Chapter Thirteen.

The Bed God Lent to Flo.

Yes, there was a God for Flo—a God and a Father.

For some wise and loving reason, all of which she should know some day, He had tested her very sorely, but in her hour of extremest and darkest need He sent her great and unexpected succour, and that night Flo left the gloomy and wretched cellar in Duncan Street, never to return to it. She was unconscious of this herself, and consequently gave the miserable place no farewell looks.

From that long swoon into which she sank she awoke with reason quite gone, so was unaware of anything that happened to her.

She knew nothing of that drive in the cab, her head pillowed on Mrs Jenks’ breast; nothing of that snowy little bed in Mrs Jenks’ room where they laid her; nothing of the kind face of the doctor as he bent over her; nothing of anything but the hard battle with fever and pain, the hard and fierce conflict with death she had got to fight. For a week the doctor and Mrs Jenks both thought that she must die, and during all that time she had never one gleam of reason, never one instant’s interval from severe pain. At the end of that time the crisis came, as it always does, in sleep. She fell asleep one evening moaning with all the exhaustion caused by fever and suffering, but the faithful little woman who sat by her side marked how by degrees her moans grew less, then ceased; her breathing came slower, deeper, calmer.

She was sleeping a refreshing, healing sleep.

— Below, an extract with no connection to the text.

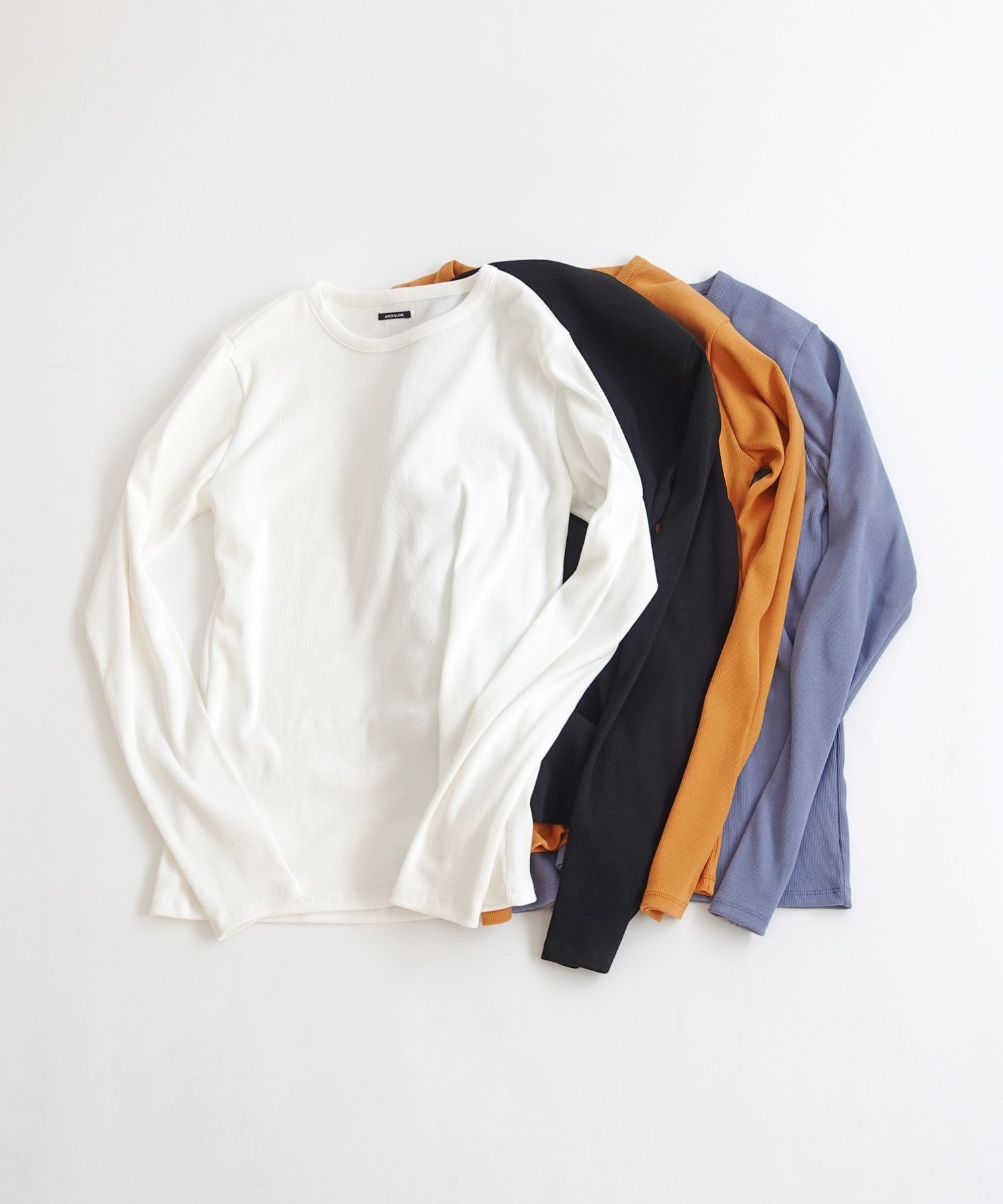 ■細節 棉質羅紋圓領長袖T卹。它具有恰到好處的彈性,穿著舒適。我們對衣領進行了微調,使其既不太窄也不太寬,旨在打造適合任何場合穿著的形狀。

Late that night Flo awoke.

Very slowly her eyes, the light of consciousness once more in them, travelled round the apartment. The last thing she remembered was lying very ill and very hungry on the damp cellar floor, the dog’s faithful face close to her, and a loaf of bread within reach of her starving lips. Where was she now?

In a pure, white, delicious bed, in a room that might have been a little room out of heaven, so lovely did it look in her eyes. Perhaps she was dead and was in heaven, and God had made her lie down and go to sleep and get rested before she did anything else.

Well, she had not had enough sleep yet, she was dreadfully, dreadfully tired still. She turned her weary head a very little—a dog was lying on the hearth-rug; a dog with the head, and back, and eyes of Scamp, and those eyes were watching her now lazily, but still intently. And seated farther away was Mrs Jenks, darning a boy’s sock, while a boy’s jacket lay on her lap.

The sight of the little woman’s pale face brought back further and older memories to Flo, and she knew that this little room was not part of heaven, but was just Mrs Jenks’ beautiful little earthly room.

How had she got here? however had she got here from that cellar where she had lain so ill and unable to move?

Perhaps after eating that bread that Scamp had brought her she had got much stronger, and had remembered, as in a kind of dream, her appointment with Mrs Jenks, and still in a dream, had got up and gone to her, and perhaps when she reached her room she had got very faint again and tired, and Mrs Jenks had put her into her little bed, to rest for a bit. But how long she must have stayed, and how at home Scamp looked! It was night now, quite night, and Mrs Jenks must want to lie down in her own nice pleasant bed; tired and weak as she was, she must go away.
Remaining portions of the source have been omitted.